Happy Camp is a 2014 American found footage horror film written and directed by Josh Anthony in his directorial debut. It was released on video on demand on March 25, 2014, through Gravitas Ventures and was produced through Drew Barrymore's production company Flower Films. The movie stars Michael Barbuto as a man trying to discover the truth behind his brother's disappearance years ago.

==Plot==

In the 1980s Mike (Michael Barbuto) was adopted by Walt and Sandy and was taken to live with them in Happy Camp, a small logging town, with their son Dean. Mike got along instantly with his new brother and was overjoyed that he would finally have a family. This happiness was cut short on October 22, 1989, when Dean is abducted by persons unknown. Mike, the only witness to the crime, can't remember anything about his brother's disappearance, the latest in a string of over 600 disappearances over the last 27 years. Twenty years later Mike's girlfriend Anne (Anne Taylor) has persuaded him to revisit Happy Camp to try to recover his memory of what happened that day. She also persuades him to allow a film crew to videotape the entire process. However rather than have an experience that will help him reconcile with his past, Mike finds that he, Anne, and the film crew are in serious danger.

==Cast==
- Josh Anthony as Josh
- Michael Barbuto as Michael Tanner
- Ben Blenkle as Local
- Teddy Gilmore as Teddy
- Anne Taylor as Anne

==Reception==
Critical reception for Happy Camp has been largely negative, and Twitch Film stated that the movie "provides a nice warning to future indie filmmakers looking to mine the nearly bankrupt found footage genre." Several reviewers criticized the movie's found footage angle, as they felt that it did not add anything to the film.
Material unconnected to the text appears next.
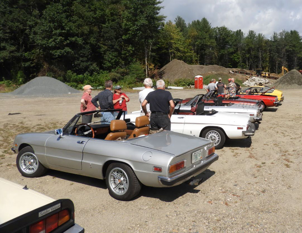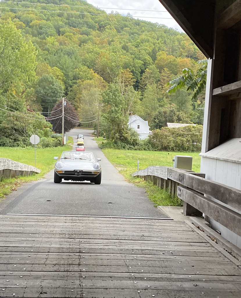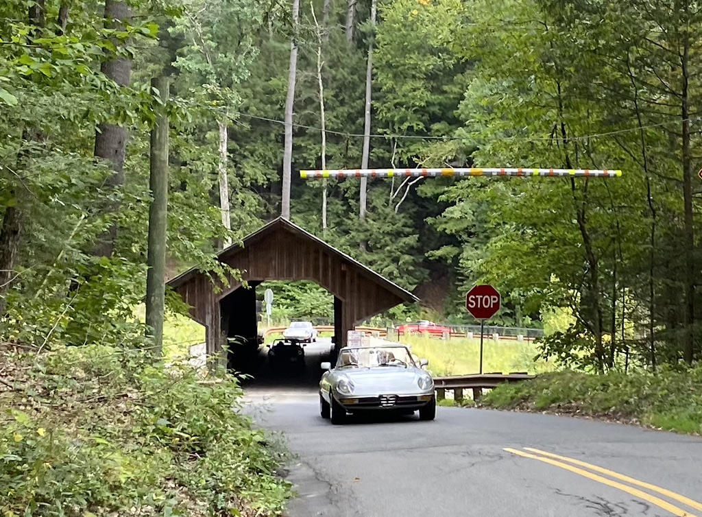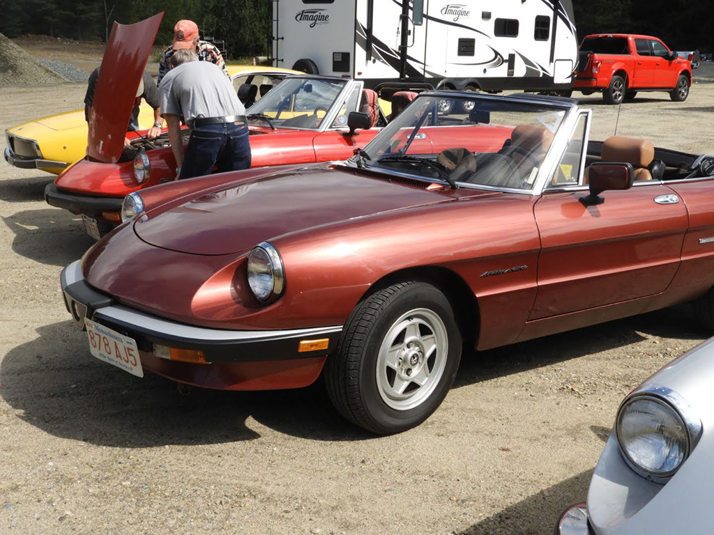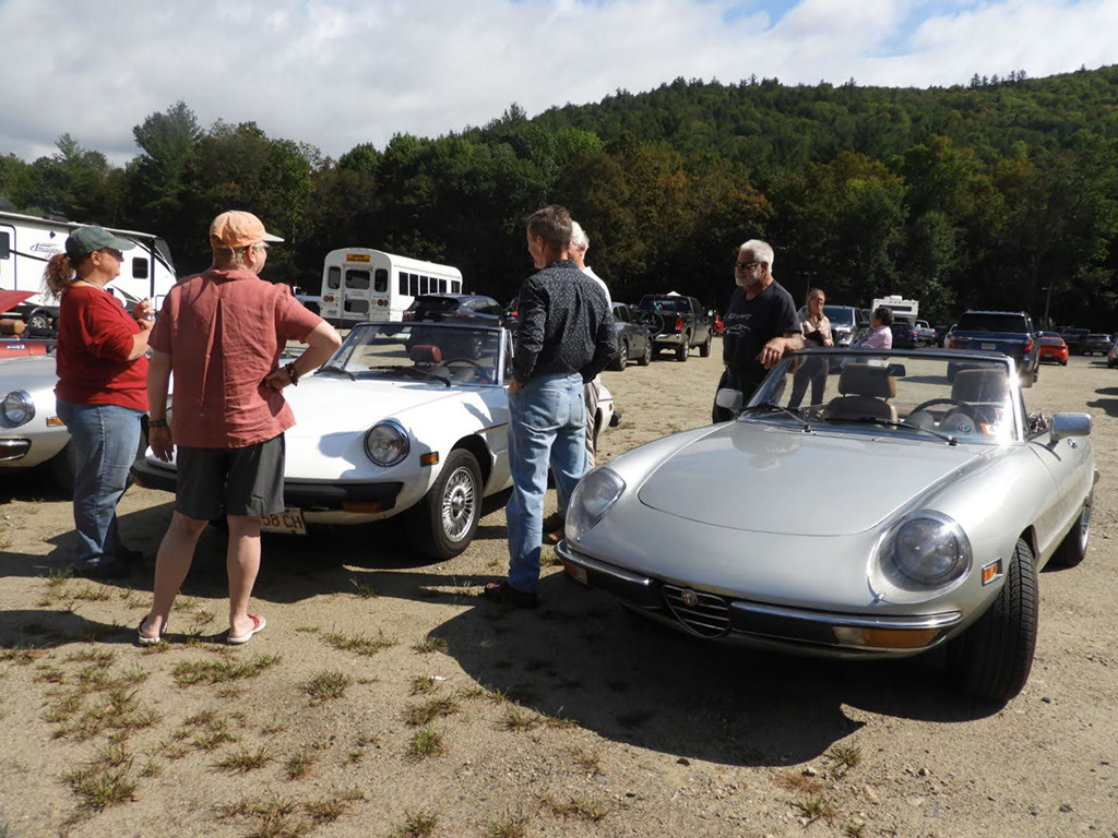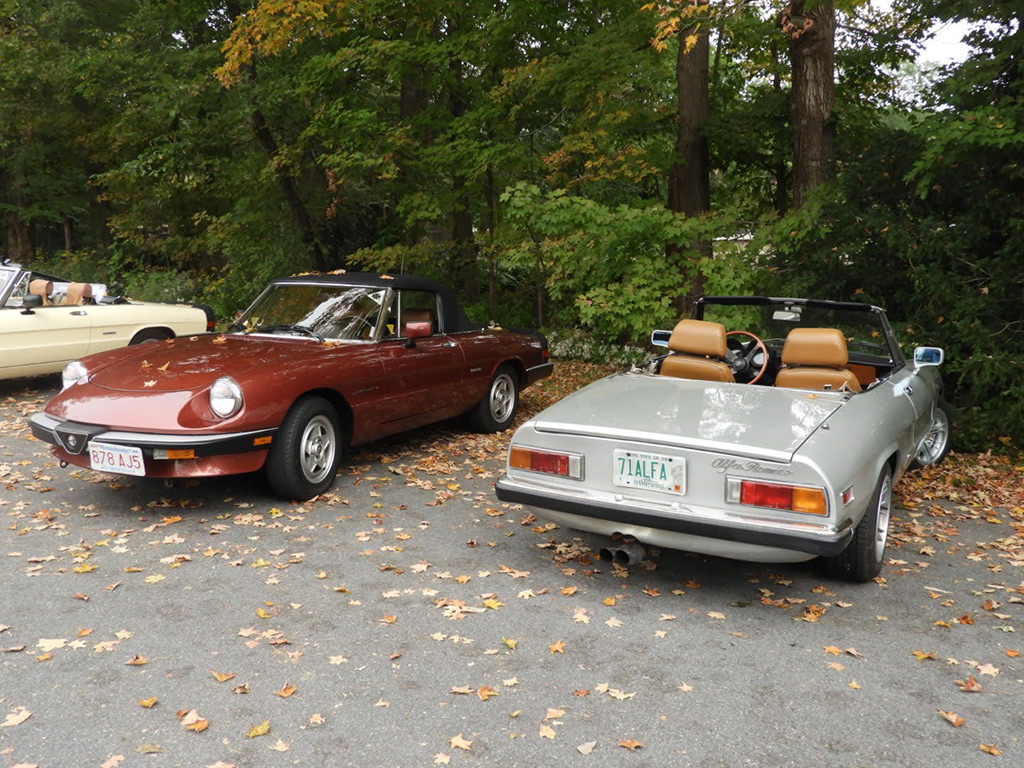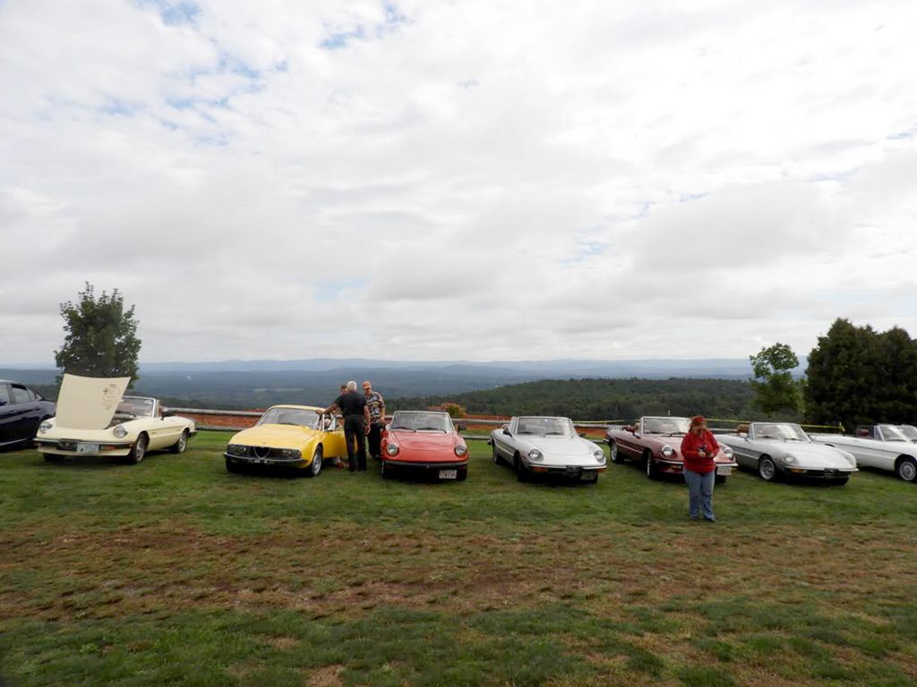 The 2021 Berkshires Sortie followed much the same format as in previous years. As usual, Alfisti met around 10-10:30 AM at a local roadside eatery, started the tour at 11 AM, and spent the next few hours enjoying (mostly) traffic-free and often twisty two-lane roads and pretty scenery. For 2021 we continued some of the changes that Covid-19 obliged us to introduce for the 2020 Sortie: rather than gathering in the morning at the Fillin' Station in South Deerfield, we met, again, in Bernardston, Mass., the last exit off of I-91 before entering Vermont. And rather than ending at a local restaurant, the 2021 Sortie concluded, as in 2020, with participants partaking of the picnic lunches they had brought to the Ashfield, Mass., home of the Walker family. For 2021, the turnout was more modest than the previous year: eight cars and twelve participants in all (there were 19 cars and 34 participants in 2020). The iffy weather forecast for the scheduled date (Saturday, September 18) did put a damper on the plans of at least one possible participant, who woke up in eastern Massachusetts to early-morning rain and decided against joining the tour. Another Boston-based participant was not discouraged by the poor early-morning eastern Massachusetts weather but did discover that his car's windshield wipers did not work. Many of us with older Alfas often do not think to service our cars' wipers, until the once-in-a-blue moon downpour reminds us that we should, which, of course, we promptly forget to do once the sun returns. The 2020 Sortie's gathering place in Bernardston was a roadside eatery aptly, for an Alfa Romeo gathering, called the Four Leaf Clover, and one of the photos from last year's event featured a Giulia Quadrifoglio (i.e. Four Leaf Clover) parked in front of the restaurant's sign. Unfortunately, the Four Leaf Clover restaurant fell victim to the pandemic's economic uncertainty and closed. Luckily, though, Sweet Lucy's Bakeshop is located right next door, has a large parking lot and outdoor seating and offers coffee and a large selection of baked goods, so we were able to gather there for the start of the tour. Peter and Meg, the Sortie's organizers, arrived at Sweet Lucy's before 10 AM and established an AONE presence at one of the Bakeshop's outdoor picnic tables. During the ensuing hour, seven other AONE cars trickled in, five of which were Spiders, the earliest being George Chris's 1971 1750 Spider and the most recent being Deb and Dan Donovan's 1988 Spider. The other Spiders were: Tom Freiberger's 1974 Spider, which is the same silver color as George's 1971 model (which, Peter pointed out, was also the original color of Meg's and his white Spider); Larry LoPresti's red Spider, like Peter's and Meg's, a 1977 model; and John and Roberta Rowntree's 1987 Spider, which, along with the Donovans', represented series 3 Spiders. Stefan and Sonchu Gavell's lovely, bright yellow 1973 1600 Junior Zagato completed our group of type 105 Giulia-based Alfas, and along with Bob Falco's almost brand new 2020 Giulia Q4 carried the flag for closed cars. Larry announced that his car was having trouble both starting and idling, though he was confident that it would be able to do clutch starts, and everyone assured him that we would be happy to push when necessary. We were never put to the test, as throughout the day Larry's Spider started every time it needed to. Idling, however, was another matter, and at our second "pit stop," in the parking lot of the Berkshire East ski area, the more mechanically-inclined among us tried to diagnose and improve Larry's idling problem. Of course the tour encountered no traffic lights, no traffic jams, and only a small number of stop signs, so thankfully the opportunities for Larry's Spider to stall and not restart were few. Having but eight cars on the tour made it easy to keep our group together, especially as the Gavells' Junior Zagato and Bob Falco's 2020 Giulia tended to remain at the rear of our peloton. The bright yellow of the Gavells' Junior Zagato and the brightly-lit xenon headlamps of Bob's Giulia were easy to see in rear-view mirrors. This made it easy to check that we had not lost anyone, and as a result, little time was lost re-grouping at the tour route's intersections. Since before dawn, the night's wet weather had been moving from west to east. At 11 AM the local roads were dry, but the sky was still mostly cloudy. From Bernardston our group wended its way south and west, toward skies that had been clearing since 9 AM. We drove along various country roads, through Leyden, Mass., where we crossed the first of three covered bridges on the route, and after about half an hour made the first of two stops, at Apex Orchard at the top of Peckville Road, outside Greenfield. A local dog walker on Peckville Road did not take at all kindly to sports cars driven con brio up what he must have felt was "his" hill and yelled out choice expletives that could be distinctly heard over what noise our cars were making. However his objections were forgotten at the top of the hill, in the orchard's parking lot. From this parking lot, we enjoyed an extraordinary view over the Connecticut River valley, with Vermont and New Hampshire in the distance, with Mount Monadnock dominating in the distance. Long-time AONE members recalled how Guilherme Bonatto, before he returned to Brazil, used to organize each fall a Giro di Monadnock in the area around Mount Monadnock. Apex Orchard allowed for some stretching of legs, kicking of tires, purchasing fresh and local apples and peaches, and taking striking photos. After leaving the orchard, we drove toward Colrain, along the same road where two years previously, but in the opposite direction, Rob Rizzo's GTV6 had run over an oversized piece of firewood lying in the middle of the narrow lane. Fortunately this year any fallen firewood had been cleared away, and our cars reached Colrain without incident. There we turned left onto route 112 (on

Bloody Disgusting commented that the film took the concept of found footage too seriously, as they felt that "there’s no reason to try to pass it as authentic – especially if it bogs down whatever thin narrative there is." The final portion of Happy Camp was also heavily criticized, and reviewers from Dread Central and Film School Rejects felt that although the movie's premise showed promise, the film did not ultimately deliver. Ain't It Cool News gave a mixed review, commenting that although there were better films in the found footage genre there were also many that were worse and that Happy Camp was overall an "entertaining although typical found footage film."